Basically, a training program is kind of like a repository that can be edited
and improved by the community. Same with individual exercises.

Now, this ends up being much more difficult to implement than you would think
at first glance. I already have the basic application structure laid out in
what I believe to be a maintainable and extensible manner.

My mission statement is as follows:

"To create a self-curating community that demystifies physical fitness and
makes information on fitness freely available."

One of the use cases I have envisioned is a user being able to declare that
they are following a program. The user can then record their numbers for each
individual set/session. The user can then view their progress in the form of
various graphs and other visualizations. I believe this feature is important
because I believe that many fitness beginners have a difficult time taking
notice of their progress and become discouraged.

I don't necessarily have any technical questions. I would just like some
feedback from fitness beginners and long time fitness enthusiasts.
specifically:

\- Have you used a fitness tracking app before?

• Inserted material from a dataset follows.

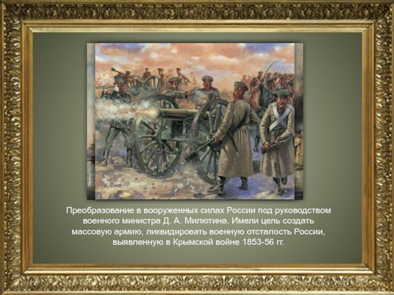А. Милютина. Имели цель создать массовую армию, ликвидировать военную отсталость

What did you like about it?
Where could it have been improved?

\- Does it matter to you if an app is browser only with a good mobile ui? Do
you prefer web apps or native apps for tracking fitness/calories/etc?

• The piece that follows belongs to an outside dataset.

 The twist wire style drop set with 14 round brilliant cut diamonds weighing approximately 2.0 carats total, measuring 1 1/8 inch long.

\- Have you tried to improve your fitness before and failed? If so, what was
the reason you became discouraged?

\- What kind of search/filtering functionality do you think would be most
helpful for you to find a fitness program that suits your needs?

\- The application itself is open source. There is no subscription/membership
fee. No monthly subscriptions. Do you think an application like this one could
subsist off of donations alone?

\- Any other feedback?

Thanks for reading this, and if anyone wants to help, you can view the
repository here:
[https://github.com/FFX01/fithub2](https://github.com/FFX01/fithub2)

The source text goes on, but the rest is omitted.